What the task requires:
Only one stretch of the data is wanted: the line containing "Ảnh: Facebook |", the line containing "меди и циркона", and every line between them, copied exactly.

_ _ _

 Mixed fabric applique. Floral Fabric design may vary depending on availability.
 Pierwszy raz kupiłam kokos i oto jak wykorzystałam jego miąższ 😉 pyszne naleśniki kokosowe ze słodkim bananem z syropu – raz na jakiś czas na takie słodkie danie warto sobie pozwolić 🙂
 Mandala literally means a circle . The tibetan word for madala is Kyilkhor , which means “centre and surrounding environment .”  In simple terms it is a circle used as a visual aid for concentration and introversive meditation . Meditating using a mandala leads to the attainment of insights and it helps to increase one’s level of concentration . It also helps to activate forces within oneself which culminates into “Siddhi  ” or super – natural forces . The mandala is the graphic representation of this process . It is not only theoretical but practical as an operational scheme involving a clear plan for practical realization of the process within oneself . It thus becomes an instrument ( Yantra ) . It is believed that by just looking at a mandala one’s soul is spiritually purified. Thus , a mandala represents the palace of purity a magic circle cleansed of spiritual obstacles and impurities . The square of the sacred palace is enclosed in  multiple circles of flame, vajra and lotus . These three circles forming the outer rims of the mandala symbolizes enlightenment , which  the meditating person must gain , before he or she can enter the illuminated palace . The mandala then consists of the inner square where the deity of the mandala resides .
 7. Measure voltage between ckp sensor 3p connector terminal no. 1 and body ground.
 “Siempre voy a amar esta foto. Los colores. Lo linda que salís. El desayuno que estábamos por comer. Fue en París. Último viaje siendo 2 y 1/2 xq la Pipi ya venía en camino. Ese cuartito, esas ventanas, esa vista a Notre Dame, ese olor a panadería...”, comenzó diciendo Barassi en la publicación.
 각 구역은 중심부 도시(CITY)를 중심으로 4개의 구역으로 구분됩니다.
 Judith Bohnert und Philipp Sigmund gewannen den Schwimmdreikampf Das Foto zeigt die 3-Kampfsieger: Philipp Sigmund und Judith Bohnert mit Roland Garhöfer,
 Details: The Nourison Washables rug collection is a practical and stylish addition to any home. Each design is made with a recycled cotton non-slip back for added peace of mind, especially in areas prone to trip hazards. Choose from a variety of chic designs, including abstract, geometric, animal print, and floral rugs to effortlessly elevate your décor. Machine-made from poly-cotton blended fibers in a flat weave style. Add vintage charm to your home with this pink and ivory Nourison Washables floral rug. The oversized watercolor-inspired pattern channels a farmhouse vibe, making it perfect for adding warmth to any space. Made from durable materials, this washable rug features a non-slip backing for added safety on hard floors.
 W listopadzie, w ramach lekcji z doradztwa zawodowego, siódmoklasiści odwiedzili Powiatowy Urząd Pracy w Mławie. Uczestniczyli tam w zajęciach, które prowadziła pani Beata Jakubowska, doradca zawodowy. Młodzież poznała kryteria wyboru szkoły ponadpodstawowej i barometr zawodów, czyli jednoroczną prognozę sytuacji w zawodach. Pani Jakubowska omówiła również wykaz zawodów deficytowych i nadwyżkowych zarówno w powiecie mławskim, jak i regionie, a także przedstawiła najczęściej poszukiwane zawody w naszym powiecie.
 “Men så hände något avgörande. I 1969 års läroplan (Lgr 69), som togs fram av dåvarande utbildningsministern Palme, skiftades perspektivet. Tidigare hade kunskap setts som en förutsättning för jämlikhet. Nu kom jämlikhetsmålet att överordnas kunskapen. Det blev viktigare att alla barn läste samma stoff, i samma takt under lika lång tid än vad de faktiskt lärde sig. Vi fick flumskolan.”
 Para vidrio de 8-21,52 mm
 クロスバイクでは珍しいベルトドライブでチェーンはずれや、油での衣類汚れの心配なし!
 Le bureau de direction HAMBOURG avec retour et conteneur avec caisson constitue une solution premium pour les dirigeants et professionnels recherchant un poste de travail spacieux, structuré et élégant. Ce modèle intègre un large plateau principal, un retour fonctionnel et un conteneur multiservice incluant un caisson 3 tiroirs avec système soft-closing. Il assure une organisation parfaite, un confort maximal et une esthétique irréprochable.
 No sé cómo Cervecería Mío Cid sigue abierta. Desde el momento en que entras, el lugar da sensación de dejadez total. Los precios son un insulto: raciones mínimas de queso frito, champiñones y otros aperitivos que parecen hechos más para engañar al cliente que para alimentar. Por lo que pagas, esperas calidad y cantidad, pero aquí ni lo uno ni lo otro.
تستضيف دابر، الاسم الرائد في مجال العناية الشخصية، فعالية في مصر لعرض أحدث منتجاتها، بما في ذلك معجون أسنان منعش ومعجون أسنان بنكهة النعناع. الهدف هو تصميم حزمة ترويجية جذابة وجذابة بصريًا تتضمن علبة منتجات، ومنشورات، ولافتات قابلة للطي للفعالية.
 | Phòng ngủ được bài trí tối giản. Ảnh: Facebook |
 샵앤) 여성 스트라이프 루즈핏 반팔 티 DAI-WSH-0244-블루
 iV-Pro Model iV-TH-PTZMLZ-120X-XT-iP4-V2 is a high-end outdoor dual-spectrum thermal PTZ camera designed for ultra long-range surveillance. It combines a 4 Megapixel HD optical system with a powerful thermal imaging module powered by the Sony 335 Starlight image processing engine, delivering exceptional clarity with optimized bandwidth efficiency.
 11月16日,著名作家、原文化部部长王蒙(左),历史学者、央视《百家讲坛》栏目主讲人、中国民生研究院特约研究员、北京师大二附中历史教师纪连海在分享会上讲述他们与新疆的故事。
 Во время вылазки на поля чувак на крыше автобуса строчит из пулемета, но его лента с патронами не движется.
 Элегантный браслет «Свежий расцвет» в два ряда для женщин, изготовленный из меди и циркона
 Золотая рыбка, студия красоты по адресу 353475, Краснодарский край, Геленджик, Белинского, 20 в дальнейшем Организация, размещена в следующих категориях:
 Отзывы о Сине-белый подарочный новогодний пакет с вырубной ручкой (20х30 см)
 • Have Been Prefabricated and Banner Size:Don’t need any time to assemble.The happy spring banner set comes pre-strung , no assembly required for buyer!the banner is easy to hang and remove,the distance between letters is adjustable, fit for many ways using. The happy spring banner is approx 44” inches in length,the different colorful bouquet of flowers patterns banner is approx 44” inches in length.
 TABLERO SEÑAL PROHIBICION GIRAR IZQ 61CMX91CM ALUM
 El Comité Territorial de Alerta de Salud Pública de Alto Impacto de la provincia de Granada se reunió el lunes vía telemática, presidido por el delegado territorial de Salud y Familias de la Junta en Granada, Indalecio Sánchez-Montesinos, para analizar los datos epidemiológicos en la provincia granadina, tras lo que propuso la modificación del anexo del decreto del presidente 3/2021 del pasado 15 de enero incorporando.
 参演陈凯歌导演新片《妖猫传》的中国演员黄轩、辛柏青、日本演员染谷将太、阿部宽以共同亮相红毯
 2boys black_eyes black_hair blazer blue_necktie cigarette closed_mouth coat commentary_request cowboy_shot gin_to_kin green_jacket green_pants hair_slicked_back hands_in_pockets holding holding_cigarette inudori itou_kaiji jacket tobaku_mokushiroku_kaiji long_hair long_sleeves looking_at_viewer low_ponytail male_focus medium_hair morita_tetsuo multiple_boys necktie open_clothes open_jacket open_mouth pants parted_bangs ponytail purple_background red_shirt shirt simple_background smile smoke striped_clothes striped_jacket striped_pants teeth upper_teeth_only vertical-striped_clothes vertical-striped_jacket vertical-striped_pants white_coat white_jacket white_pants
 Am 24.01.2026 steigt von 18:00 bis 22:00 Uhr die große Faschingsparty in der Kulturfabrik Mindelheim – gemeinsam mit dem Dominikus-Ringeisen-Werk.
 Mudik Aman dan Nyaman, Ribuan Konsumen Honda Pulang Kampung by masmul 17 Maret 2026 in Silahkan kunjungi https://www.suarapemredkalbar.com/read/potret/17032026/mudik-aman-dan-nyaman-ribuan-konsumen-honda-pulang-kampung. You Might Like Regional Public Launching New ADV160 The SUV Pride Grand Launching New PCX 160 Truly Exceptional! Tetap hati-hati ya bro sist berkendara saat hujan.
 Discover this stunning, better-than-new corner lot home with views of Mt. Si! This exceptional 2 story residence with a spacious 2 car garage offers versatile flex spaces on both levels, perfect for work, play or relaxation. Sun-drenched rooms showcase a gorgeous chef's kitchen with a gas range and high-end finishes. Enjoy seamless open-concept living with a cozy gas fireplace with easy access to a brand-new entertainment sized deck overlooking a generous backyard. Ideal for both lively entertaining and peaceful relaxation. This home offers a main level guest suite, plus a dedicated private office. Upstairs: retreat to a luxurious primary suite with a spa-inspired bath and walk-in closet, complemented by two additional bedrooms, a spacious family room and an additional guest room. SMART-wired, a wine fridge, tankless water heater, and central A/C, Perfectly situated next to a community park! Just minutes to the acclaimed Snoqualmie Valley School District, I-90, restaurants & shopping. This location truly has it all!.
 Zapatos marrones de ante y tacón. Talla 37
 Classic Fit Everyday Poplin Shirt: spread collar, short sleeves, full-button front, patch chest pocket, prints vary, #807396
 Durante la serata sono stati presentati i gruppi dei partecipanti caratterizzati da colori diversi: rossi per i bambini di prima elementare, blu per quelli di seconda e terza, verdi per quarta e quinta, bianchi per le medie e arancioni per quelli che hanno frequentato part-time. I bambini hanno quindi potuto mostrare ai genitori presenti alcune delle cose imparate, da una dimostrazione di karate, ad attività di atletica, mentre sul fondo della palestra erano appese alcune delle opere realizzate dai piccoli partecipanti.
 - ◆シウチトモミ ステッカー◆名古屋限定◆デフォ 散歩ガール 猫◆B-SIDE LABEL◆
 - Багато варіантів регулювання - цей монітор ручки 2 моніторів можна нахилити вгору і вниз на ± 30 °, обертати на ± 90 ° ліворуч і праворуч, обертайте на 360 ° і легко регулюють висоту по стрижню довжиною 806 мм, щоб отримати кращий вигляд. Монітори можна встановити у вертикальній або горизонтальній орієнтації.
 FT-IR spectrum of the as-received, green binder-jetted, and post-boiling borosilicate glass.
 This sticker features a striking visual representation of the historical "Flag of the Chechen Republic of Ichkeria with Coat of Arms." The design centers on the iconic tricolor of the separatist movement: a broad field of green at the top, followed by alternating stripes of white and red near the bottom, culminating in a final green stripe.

_ _ _

Result below:
 | Phòng ngủ được bài trí tối giản. Ảnh: Facebook |
 샵앤) 여성 스트라이프 루즈핏 반팔 티 DAI-WSH-0244-블루
 iV-Pro Model iV-TH-PTZMLZ-120X-XT-iP4-V2 is a high-end outdoor dual-spectrum thermal PTZ camera designed for ultra long-range surveillance. It combines a 4 Megapixel HD optical system with a powerful thermal imaging module powered by the Sony 335 Starlight image processing engine, delivering exceptional clarity with optimized bandwidth efficiency.
 11月16日,著名作家、原文化部部长王蒙(左),历史学者、央视《百家讲坛》栏目主讲人、中国民生研究院特约研究员、北京师大二附中历史教师纪连海在分享会上讲述他们与新疆的故事。
 Во время вылазки на поля чувак на крыше автобуса строчит из пулемета, но его лента с патронами не движется.
 Элегантный браслет «Свежий расцвет» в два ряда для женщин, изготовленный из меди и циркона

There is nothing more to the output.